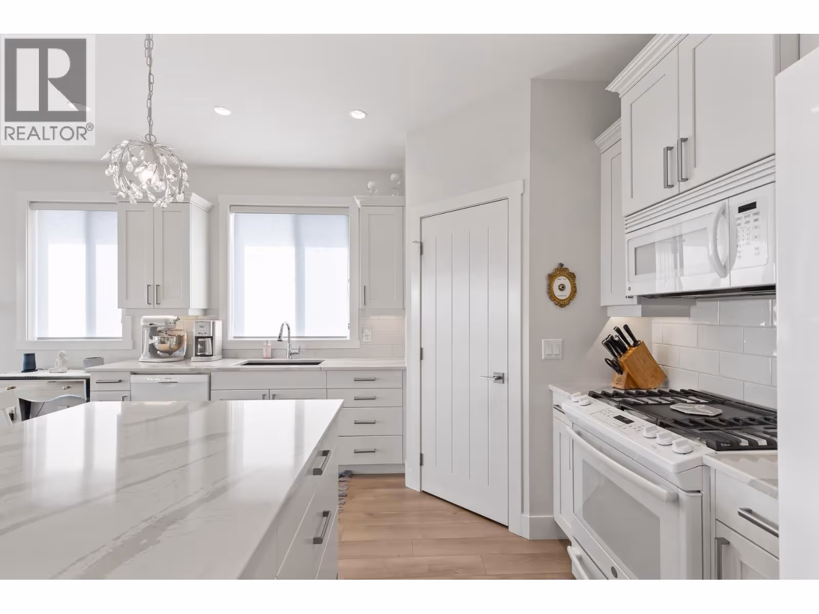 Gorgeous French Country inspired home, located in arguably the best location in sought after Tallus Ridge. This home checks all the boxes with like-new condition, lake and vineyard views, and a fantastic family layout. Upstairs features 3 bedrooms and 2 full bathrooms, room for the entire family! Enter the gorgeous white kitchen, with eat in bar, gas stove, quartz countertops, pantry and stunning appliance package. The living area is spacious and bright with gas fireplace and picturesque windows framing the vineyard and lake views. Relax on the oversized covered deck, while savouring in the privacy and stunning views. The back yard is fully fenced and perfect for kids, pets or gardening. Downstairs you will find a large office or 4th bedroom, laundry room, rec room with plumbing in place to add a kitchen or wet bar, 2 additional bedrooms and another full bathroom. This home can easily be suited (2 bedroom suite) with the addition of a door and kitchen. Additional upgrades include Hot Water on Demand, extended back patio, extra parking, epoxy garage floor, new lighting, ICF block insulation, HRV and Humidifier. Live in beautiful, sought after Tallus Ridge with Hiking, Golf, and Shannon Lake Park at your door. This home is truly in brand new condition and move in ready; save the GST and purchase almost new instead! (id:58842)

********************

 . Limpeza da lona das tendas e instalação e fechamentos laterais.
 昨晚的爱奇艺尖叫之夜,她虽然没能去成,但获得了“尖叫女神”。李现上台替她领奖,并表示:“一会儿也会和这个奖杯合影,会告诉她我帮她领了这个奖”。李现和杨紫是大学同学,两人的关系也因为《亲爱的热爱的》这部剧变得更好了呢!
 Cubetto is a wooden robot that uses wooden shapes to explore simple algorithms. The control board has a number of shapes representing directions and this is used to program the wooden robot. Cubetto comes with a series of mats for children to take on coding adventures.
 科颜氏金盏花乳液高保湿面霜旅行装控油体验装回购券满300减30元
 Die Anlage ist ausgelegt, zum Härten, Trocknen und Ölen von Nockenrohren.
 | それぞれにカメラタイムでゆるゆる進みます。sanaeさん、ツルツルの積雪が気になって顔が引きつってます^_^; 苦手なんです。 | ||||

********************

> [Exercise instructions]:
Please give back exactly the lines of the listing above that run from the one containing "科颜氏金盏花乳液高保湿面霜旅行装控油体验装回购券满300减30元" through the one containing "苦手なんです。 | ||||", and only those.

> [Answer area]:
 科颜氏金盏花乳液高保湿面霜旅行装控油体验装回购券满300减30元
 Die Anlage ist ausgelegt, zum Härten, Trocknen und Ölen von Nockenrohren.
 | それぞれにカメラタイムでゆるゆる進みます。sanaeさん、ツルツルの積雪が気になって顔が引きつってます^_^; 苦手なんです。 | ||||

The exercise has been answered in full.